They include the attempted arson of Sydney's Parramatta Synagogue; offensive graffiti daubed on three Sydney synagogues, three Melbourne synagogues and two schools; and a stream of abusive calls and emails to communal organisations, as well as to the Israeli Embassy in Canberra, Australian Jewish News reports.
The wave of incidents is consistent with the pattern of outbreaks which occur whenever Israel is involved in conflict.
Following the attack on South Sydney Synagogue, vandals smashed a window at Parramatta Synagogue and threw a Molotov cocktail inside, triggering the alarm and alerting Rabbi Shlomo Di Veroli, who lives on the premises.
An off-duty police officer who lives next-door helped the rabbi douse the fire with extinguishers. Forensic police found empty bottles, a crate and a lighter.
Parramatta Synagogue president Yoram Jovani condemned the attack as "cowardly and un-Australian", and a police spokesperson appealed for any witnesses to come forward.
In Melbourne, Bentleigh Progressive Synagogue was defaced with a Star of David and swastika scrawled on its wall. Bentleigh Rabbi Aviva Kipen described the attack as "a random expression of stupidity". Yeshivah College, Sassoon Yehuda Sephardi Synagogue and Beth Rivkah Ladies College were daubed with antisemitic and pro-Palestinian slogans, such as "Jewish Murderers" and "Free Palestine", which greeted congregants as theyarrived for shul on Shabbat morning. "As bad as it is, I'm glad it is only that," Beth Rivkah principal Shmuel Gurewicz said.
The Melbourne office of the Zionist Federation of Australia and Magen David Adom were the target of abusive telephone calls; and Israel Embassy Counsellor Michael Ronen said the embassy had received a stream of abusive calls, including the observation that "Hitler should have finished you off".
Jewish Community Council of Victoria president Grahame Leonard said there had been "a high degree of incidents" in recent days. In Sydney, Kehillat Masada Synagogue and neighbouring North Shore Chabad House were daubed with the German phrase "Achtung Juden" (Attention Jews) and Arabic scrawl reading "Allahu Akbar" (God is great).

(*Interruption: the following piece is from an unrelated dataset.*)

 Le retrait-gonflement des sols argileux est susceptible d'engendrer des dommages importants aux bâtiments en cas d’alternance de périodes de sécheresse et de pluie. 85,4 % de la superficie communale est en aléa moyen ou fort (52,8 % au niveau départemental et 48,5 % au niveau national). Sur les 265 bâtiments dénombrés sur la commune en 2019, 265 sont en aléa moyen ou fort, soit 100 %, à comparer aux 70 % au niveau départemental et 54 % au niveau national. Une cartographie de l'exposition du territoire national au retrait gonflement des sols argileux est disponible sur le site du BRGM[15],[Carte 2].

And in an apparent case of mistaken identity, Corpus Christi School, which is next-door to Kehillat Masada, was also targeted with graffiti. Corpus Christi principal Julian Tobin said it was the first time the school had been attacked. Masada College principal Frank Larkin described the incidentas "outrageous".
Kur-ing-gai Police Inspector Pauline Bellmore said the best way to deal with such incidents is to remove the graffiti immediately. "It's the 'broken windows' story; if vandals see one broken window, very quickly there will be two. It's important not to give these thugs power."

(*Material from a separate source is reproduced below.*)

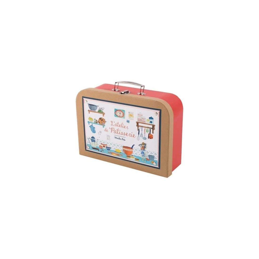 La valise « L’atelier de pâtisserie » est un à partir de 6 ans qui aiment de la pâtisserie. Pour faire de vrais gâteaux et de vrais patisserie comme papa ou maman, la malette contient de vrais ustensiles de cuisine en bois ou en métal.

Executive Council of Australian Jewry (ECAJ) president Jeremy Jones described the last six months of antisemitic attacks as shaping up to be the worst on record, even before last week - "not necessarily the most violent, but in terms of harassment, aggressive calls and emails, street confrontations and property damage, it certainly is". Calling for public condemnation of such incidents by the general community, he pointed to former Governor-General William Deane's letter of condemnation in December 2000 following a rash of antisemitic attacks.
"It has to be made clear that if there is an attack on any section of the Australian community, we must stand by the victims and not the perpetrators," Mr Jones said.
Alluding to a series of arson attacks on Sydney synagogues in 1991 that were never solved, he said it was imperative that the same did not recur. "We must make sure perpetrators are arrested; otherwise, they will think they can get away with it."
The Australian Catholic Social Justice Council has condemned last week's graffiti attack on South Sydney Synagogue in Allawah. "The current escalation of violence between Israel and Palestine is no justification for such acts," Bishop William Morris wrote in a letter to the ECAJ. "There can be no excuse for assaults on places of worship."
Commending the letter as "unprompted", Mr Jones said "it was the exception, rather than the rule, where attacks on the Jewish community were concerned".